───── Material provided ─────
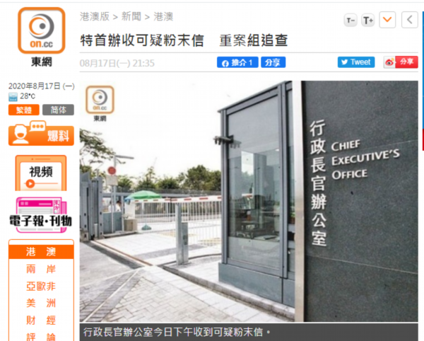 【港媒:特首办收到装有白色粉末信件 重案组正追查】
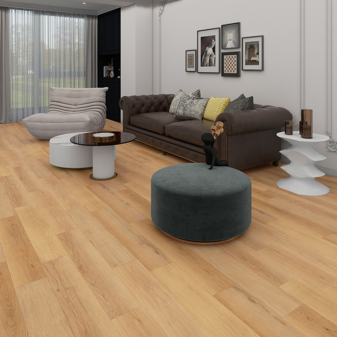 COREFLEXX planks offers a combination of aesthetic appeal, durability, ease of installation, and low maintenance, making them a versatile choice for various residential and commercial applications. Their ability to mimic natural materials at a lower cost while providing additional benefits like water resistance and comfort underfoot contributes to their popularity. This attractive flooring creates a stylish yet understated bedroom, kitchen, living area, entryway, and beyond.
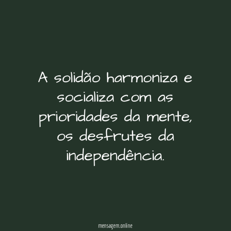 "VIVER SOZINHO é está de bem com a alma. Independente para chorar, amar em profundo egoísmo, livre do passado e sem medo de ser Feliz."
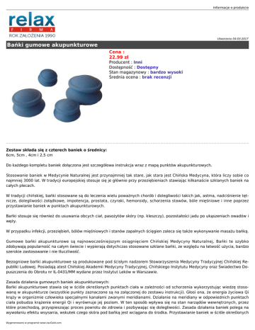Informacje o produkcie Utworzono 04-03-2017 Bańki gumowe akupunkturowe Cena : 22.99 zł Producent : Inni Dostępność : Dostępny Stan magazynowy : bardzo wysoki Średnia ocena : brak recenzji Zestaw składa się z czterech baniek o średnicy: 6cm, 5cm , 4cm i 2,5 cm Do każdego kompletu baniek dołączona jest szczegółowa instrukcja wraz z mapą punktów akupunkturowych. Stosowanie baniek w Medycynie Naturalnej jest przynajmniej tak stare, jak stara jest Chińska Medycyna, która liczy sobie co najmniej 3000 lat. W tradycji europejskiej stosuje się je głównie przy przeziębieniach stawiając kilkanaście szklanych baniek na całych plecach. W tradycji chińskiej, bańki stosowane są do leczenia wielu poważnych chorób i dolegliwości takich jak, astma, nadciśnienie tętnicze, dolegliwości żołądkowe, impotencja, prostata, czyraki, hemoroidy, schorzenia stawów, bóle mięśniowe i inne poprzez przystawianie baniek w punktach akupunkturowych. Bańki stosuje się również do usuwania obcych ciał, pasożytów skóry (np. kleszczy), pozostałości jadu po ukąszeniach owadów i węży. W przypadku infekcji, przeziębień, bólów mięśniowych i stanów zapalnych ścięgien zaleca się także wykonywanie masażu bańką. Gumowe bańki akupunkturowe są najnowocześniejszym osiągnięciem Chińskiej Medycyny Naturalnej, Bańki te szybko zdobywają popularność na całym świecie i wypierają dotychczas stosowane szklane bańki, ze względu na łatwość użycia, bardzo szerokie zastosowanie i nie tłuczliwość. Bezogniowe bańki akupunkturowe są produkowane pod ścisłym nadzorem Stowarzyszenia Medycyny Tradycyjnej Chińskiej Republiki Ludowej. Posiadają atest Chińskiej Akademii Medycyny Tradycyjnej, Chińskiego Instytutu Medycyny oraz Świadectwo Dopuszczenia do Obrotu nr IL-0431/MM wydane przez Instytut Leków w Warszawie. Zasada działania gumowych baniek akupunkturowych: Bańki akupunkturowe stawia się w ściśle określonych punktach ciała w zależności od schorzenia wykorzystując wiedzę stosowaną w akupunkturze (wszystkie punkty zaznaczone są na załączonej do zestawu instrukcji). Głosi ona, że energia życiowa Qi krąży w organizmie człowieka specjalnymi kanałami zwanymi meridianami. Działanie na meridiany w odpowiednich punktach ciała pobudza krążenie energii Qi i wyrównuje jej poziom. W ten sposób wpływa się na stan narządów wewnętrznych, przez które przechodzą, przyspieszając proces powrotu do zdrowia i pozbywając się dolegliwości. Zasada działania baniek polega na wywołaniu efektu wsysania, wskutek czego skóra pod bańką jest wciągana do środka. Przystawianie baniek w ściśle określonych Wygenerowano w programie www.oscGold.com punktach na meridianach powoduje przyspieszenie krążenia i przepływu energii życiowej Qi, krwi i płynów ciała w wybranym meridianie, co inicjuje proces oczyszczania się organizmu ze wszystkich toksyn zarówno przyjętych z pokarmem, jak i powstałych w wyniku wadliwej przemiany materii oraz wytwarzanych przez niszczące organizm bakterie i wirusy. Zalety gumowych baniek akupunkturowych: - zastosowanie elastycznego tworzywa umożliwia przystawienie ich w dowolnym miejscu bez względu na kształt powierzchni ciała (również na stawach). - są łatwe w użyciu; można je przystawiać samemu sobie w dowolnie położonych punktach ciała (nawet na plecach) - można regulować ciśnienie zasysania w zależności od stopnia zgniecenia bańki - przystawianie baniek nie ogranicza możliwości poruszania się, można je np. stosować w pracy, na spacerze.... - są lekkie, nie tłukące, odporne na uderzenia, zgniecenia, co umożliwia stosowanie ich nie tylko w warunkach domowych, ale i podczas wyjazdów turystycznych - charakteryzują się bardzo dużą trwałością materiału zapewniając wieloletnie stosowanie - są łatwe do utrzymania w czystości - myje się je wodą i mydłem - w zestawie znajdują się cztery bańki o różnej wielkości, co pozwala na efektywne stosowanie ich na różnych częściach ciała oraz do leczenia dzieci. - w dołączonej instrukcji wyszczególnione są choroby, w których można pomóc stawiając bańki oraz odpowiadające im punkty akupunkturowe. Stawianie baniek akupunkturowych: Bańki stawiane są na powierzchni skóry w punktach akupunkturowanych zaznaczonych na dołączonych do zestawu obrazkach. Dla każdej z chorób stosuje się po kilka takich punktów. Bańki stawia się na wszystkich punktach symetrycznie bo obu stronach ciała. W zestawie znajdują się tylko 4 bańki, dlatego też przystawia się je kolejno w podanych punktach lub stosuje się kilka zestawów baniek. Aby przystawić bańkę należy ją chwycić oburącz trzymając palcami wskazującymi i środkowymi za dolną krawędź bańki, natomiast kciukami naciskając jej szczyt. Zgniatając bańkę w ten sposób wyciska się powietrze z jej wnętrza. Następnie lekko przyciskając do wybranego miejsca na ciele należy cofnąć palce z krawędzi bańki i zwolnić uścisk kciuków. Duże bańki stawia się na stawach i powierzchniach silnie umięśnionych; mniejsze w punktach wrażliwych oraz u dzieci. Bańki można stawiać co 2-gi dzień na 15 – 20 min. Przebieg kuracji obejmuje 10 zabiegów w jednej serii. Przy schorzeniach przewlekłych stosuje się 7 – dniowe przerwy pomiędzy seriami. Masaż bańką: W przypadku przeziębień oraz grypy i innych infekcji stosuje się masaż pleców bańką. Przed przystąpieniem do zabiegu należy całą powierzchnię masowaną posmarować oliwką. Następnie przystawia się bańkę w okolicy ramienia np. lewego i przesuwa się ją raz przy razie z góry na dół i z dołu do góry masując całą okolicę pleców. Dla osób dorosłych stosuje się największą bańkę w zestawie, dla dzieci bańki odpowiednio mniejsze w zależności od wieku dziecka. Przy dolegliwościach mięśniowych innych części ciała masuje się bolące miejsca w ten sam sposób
─────
## What you are asked to do
The answer must consist solely of the lines from the first line of the data through the line containing "SOZINHO é está", inclusive, reproduced exactly and without pictures.

## Solution for this task
 【港媒:特首办收到装有白色粉末信件 重案组正追查】
 COREFLEXX planks offers a combination of aesthetic appeal, durability, ease of installation, and low maintenance, making them a versatile choice for various residential and commercial applications. Their ability to mimic natural materials at a lower cost while providing additional benefits like water resistance and comfort underfoot contributes to their popularity. This attractive flooring creates a stylish yet understated bedroom, kitchen, living area, entryway, and beyond.
 "VIVER SOZINHO é está de bem com a alma. Independente para chorar, amar em profundo egoísmo, livre do passado e sem medo de ser Feliz."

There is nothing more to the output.